Su corazón exhala vapores de falso sentimentalismo que perturban las funciones del cerebro. De ahí su carencia de lójica; librepensador, “no consiente que derriben los altares donde repetía sus oraciones de niño”; apóstol de la democracia universal, se opone a que la “Monarquía española deje caer de su manto la hermosa perla nombrada Cuba”.
Los años pasan con sus tempestades i sus cataclismos, sin grabarle el sello de austeridad que la lluvia i el viento imprimen hasta en los monumentos de piedra. Viejo, escribe hoi con la misma lijereza i la misma superficialidad de hace cuarenta años, i no descubre en ninguna de sus obras “una madurez potente, un dulce i rico sabor de Otoño”2.
El cráneo deste hombre maravilloso semeja la retorta de un alquimista, o más bien, un caos mental donde accionan i reaccionan las utopías de todos los soñadores, las negaciones de todos los incrédulos i las afirmaciones de todos los creyentes. Nadie tiene derecho de creerle materialista o espiritualista, librepensador, o católico, monarquista o republicano, pues con un fragmento de sus libros se refuta lo que se prueba con un trozo de sus discursos, pues todas sus producciones se reducen a “magnífica i abigarrada i procesión de pensamientos desordenados i rapsódicos”3.
II
Como político y propagandista, como literato i orador, Castelar no pertenece a la familia de los hombres que amenazan desequilibrar la Tierra cuando la golpean con los pies. El ha removido la costra del terreno arable, pero no ha sabido ahondar el surco, estirpar de raíz las malas yerbas ni sembrar una buena semilla.

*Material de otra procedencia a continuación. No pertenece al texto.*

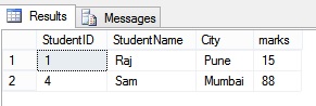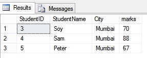 Here, [A-D] indicates that the first letter can be A,B,C or D. And, the first letter should be followed by 'elhi'. In our case, we will get the details of the Student who belongs to Delhi.
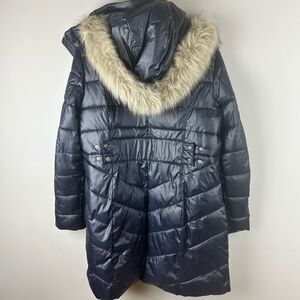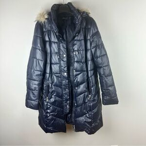In great cond . Mid length puffer with hood. Faux fur trim. Size L

El causó mayores daños a España con su liberalismo espectante i emoliente, que Bonaparte con su invasión sangrienta, que Isabel II con su reinado gangrenoso, que los Prim y los Martínez Campos con sus pronunciamientos i conspiraciones. Como el Nerón de Soumet asfixió a sus convidados con una lluvia de rosas, así Castelar ha concluído por ahogar la democracia española en un de flores oratorias. El más que nadie merece el título de “ilustre calamidad”.
Puede servir de oráculo infalible entre los estudiantes de España y Sudamérica, puede figurar como apóstol en los corrillos de sus partidarios; pero en Alemania, Inglaterra i Francia, en países donde se piensa con madurez, Castelar no ejerce ninguna influencia, no goza de autoridad ninguna.
En Sociología i Moral, sólo divaga cuando intenta vulgarizar, como en Ciencias Naturales lo consiguen Figuier, Foinville, Verne o Flammarion. En Historia, desnaturaliza el arte que Michelet poseía de evocar una época: la Humanidad que nos presenta en sus narraciones aparece desfigurada, contrahecha, como cuerpo retratado en caprichosa combinación d’espejos cóncavos i convexos. Ve cosas i acontecimientos como si adoleciera de daltonismo intelectual. Cuando en sus biografías pretende reconstruir un personaje, procede como el paleontolojista que para restaurar un fósil uniera el cráneo de un hombre, las alas de un pterodáctilo i el tronco de un megaterio.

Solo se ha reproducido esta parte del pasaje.